Segment Open

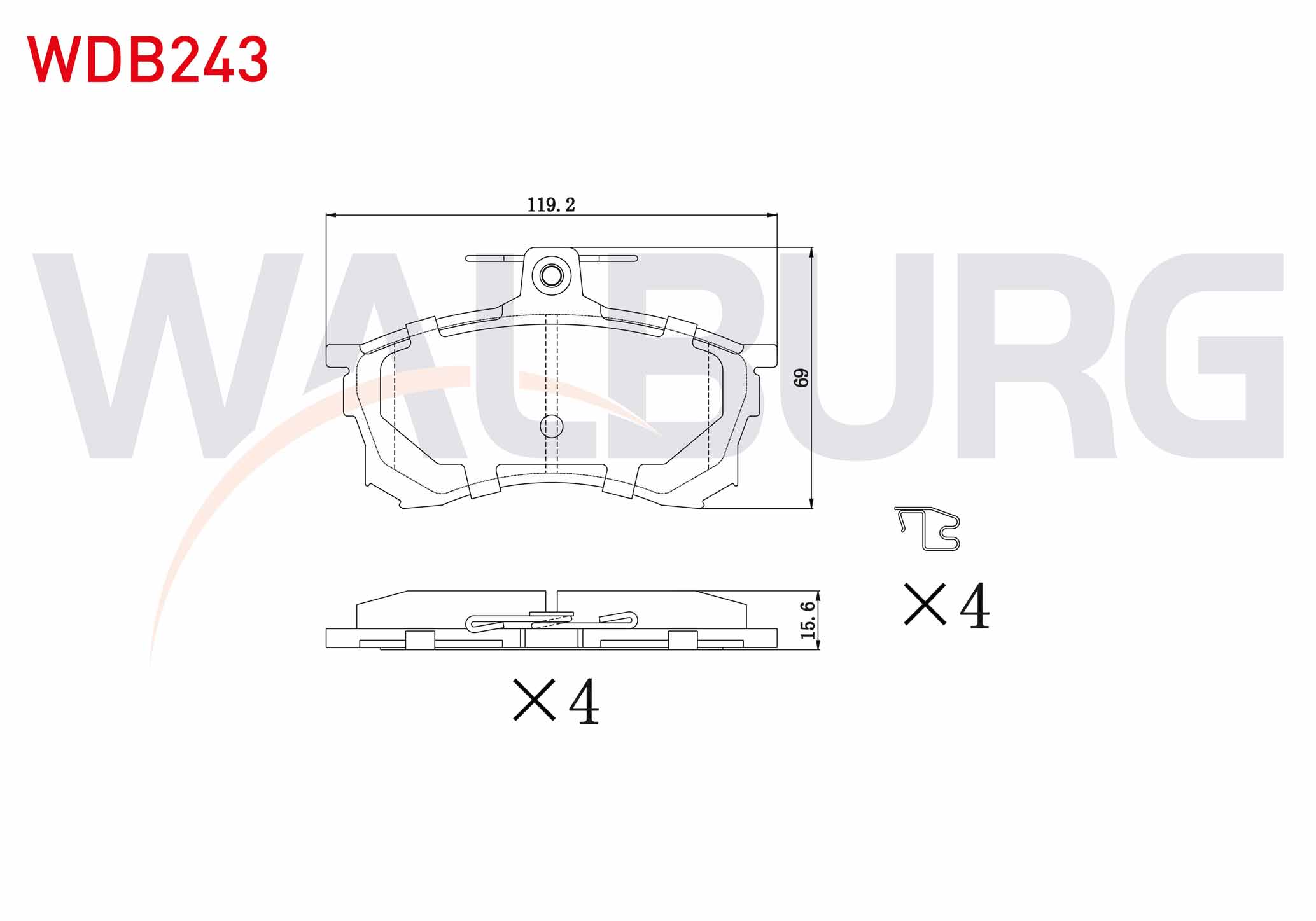 WALBURG WDB243 | Fren Balata Ön Mitsubishi Carisma (Da) 1.6 1995-2006 / Carisma (Da) 1.9 TD 1995-2006
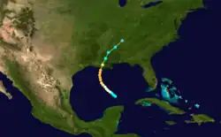 Benito Viñes documented this storm over the northwestern Caribbean as early as August 19.[22] Moving west-northwestward, the cyclone intensified into a hurricane on at 00:00 UTC on August 20,[3] according to reports from the ship Elvina.[5] About 12 hours later, the hurricane made landfall in Mexico near Felipe Carrillo Puerto, Quintana Roo, with winds of 80 mph (130 km/h). The hurricane weakened to a tropical storm late on August 20, but re-strengthened into a hurricane in the Gulf of Mexico the next day. Turning north-northwestward, the cyclone strengthened into a Category 2 hurricane on August 22, and made landfall near present-day High Island, Texas, early on August 23.[3] Based on a barometric pressure of 988 mbar (29.2 inHg) at Shreveport, Louisiana, the hurricane is estimated to have possessed sustained winds of 105 mph (165 km/h) and a barometric pressure of 964 mbar (28.5 inHg).[5] The system weakened to a tropical storm later on August 23 and then to a tropical depression early on August 24, before dissipating over Kentucky several hours later.[3]
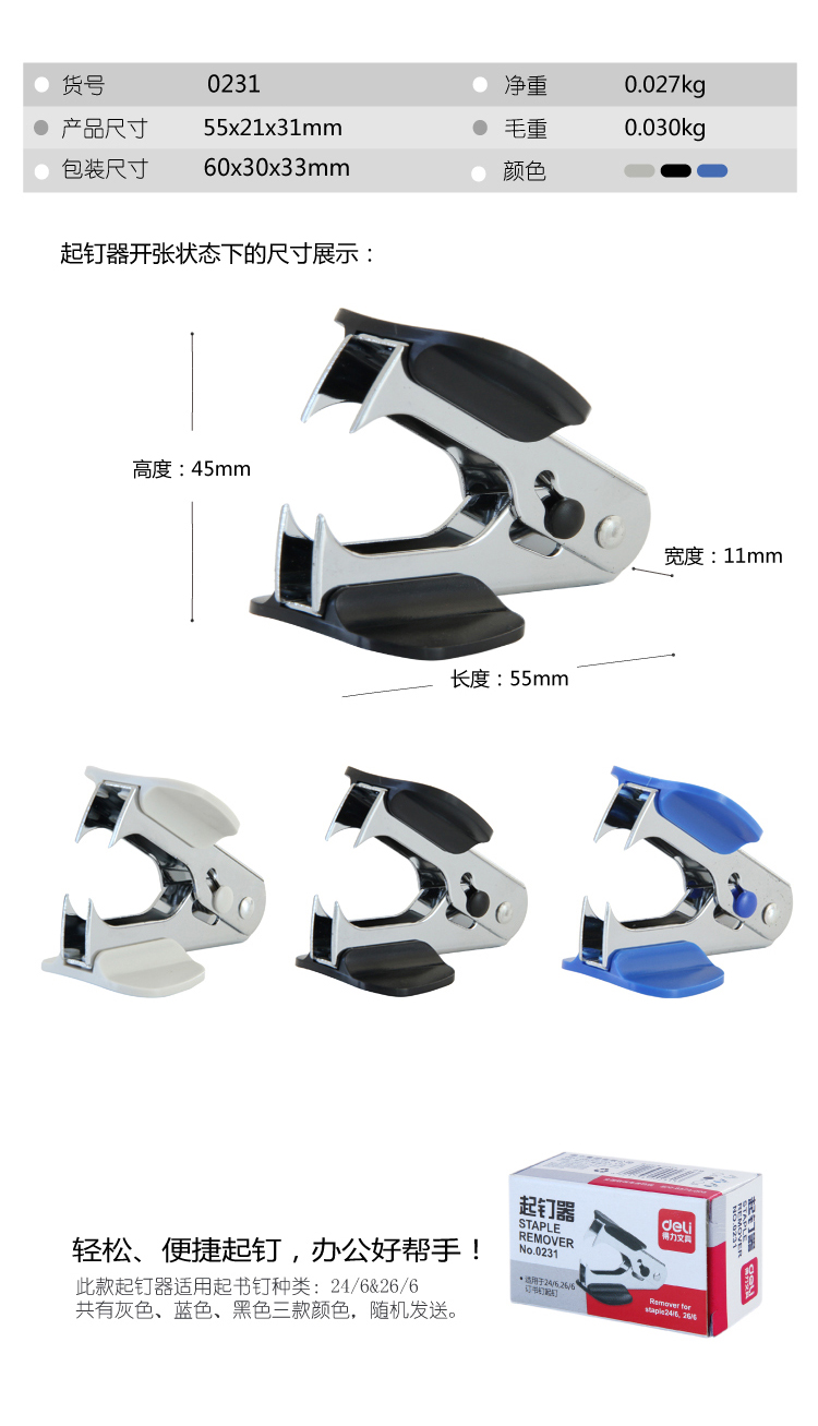 得力(deli)12#便捷起钉器0231 蓝色
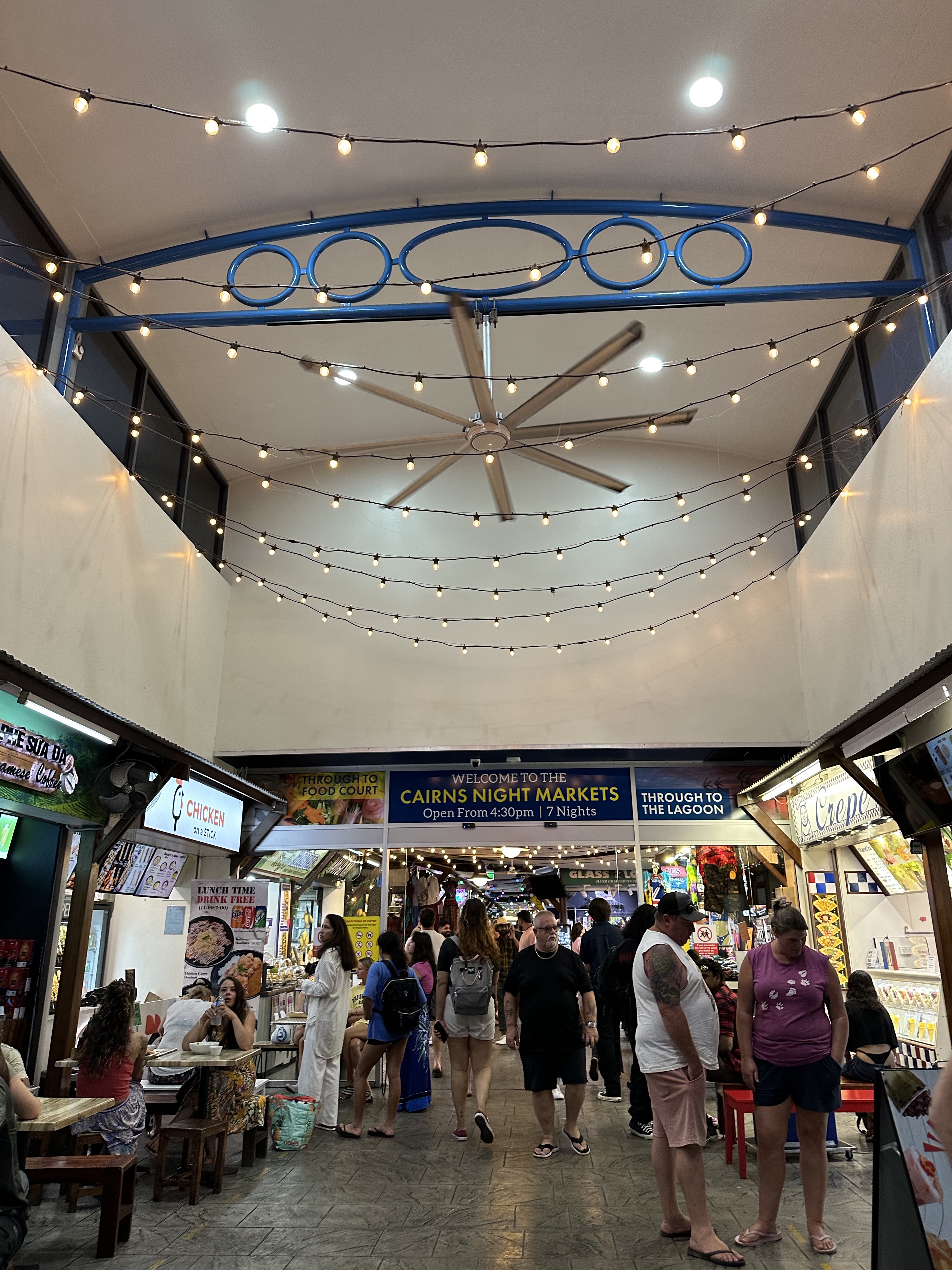 Aproveitamos para andar na roda gigante conhecida como Reef Eye ($10 por pessoa) e foi legal. Comemos um waffle no Cairns Night Market e fomos dormir pois no dia seguinte as 10 da manhã tínhamos o vôo de volta.
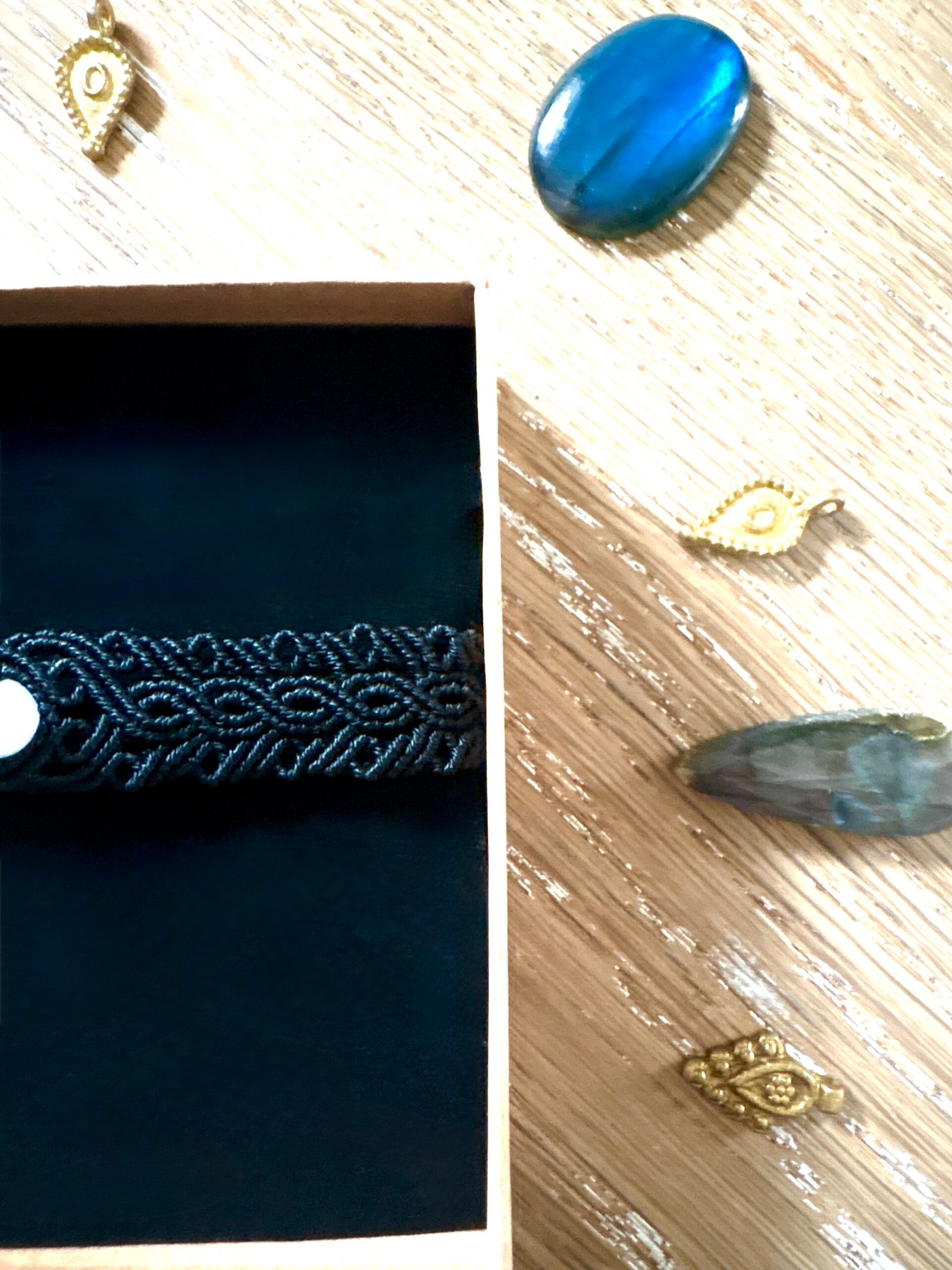 Orné d’une perle de quartz rose, ce ras de cou est soigneusement réalisé à la main, alliant l’art du micro macramé à la beauté naturelle du quartz rose, connue pour rééquilibrer les énergies du corps afin d’apaiser l’esprit et favoriser le bien-être.

Segment Closed

** PROBLEM REQUIREMENTS **
Give every line above again exactly, omitting whatever pictures appear.

** OUTPUT FOR THIS TASK **
 WALBURG WDB243 | Fren Balata Ön Mitsubishi Carisma (Da) 1.6 1995-2006 / Carisma (Da) 1.9 TD 1995-2006
 Benito Viñes documented this storm over the northwestern Caribbean as early as August 19.[22] Moving west-northwestward, the cyclone intensified into a hurricane on at 00:00 UTC on August 20,[3] according to reports from the ship Elvina.[5] About 12 hours later, the hurricane made landfall in Mexico near Felipe Carrillo Puerto, Quintana Roo, with winds of 80 mph (130 km/h). The hurricane weakened to a tropical storm late on August 20, but re-strengthened into a hurricane in the Gulf of Mexico the next day. Turning north-northwestward, the cyclone strengthened into a Category 2 hurricane on August 22, and made landfall near present-day High Island, Texas, early on August 23.[3] Based on a barometric pressure of 988 mbar (29.2 inHg) at Shreveport, Louisiana, the hurricane is estimated to have possessed sustained winds of 105 mph (165 km/h) and a barometric pressure of 964 mbar (28.5 inHg).[5] The system weakened to a tropical storm later on August 23 and then to a tropical depression early on August 24, before dissipating over Kentucky several hours later.[3]
 得力(deli)12#便捷起钉器0231 蓝色
 Aproveitamos para andar na roda gigante conhecida como Reef Eye ($10 por pessoa) e foi legal. Comemos um waffle no Cairns Night Market e fomos dormir pois no dia seguinte as 10 da manhã tínhamos o vôo de volta.
 Orné d’une perle de quartz rose, ce ras de cou est soigneusement réalisé à la main, alliant l’art du micro macramé à la beauté naturelle du quartz rose, connue pour rééquilibrer les énergies du corps afin d’apaiser l’esprit et favoriser le bien-être.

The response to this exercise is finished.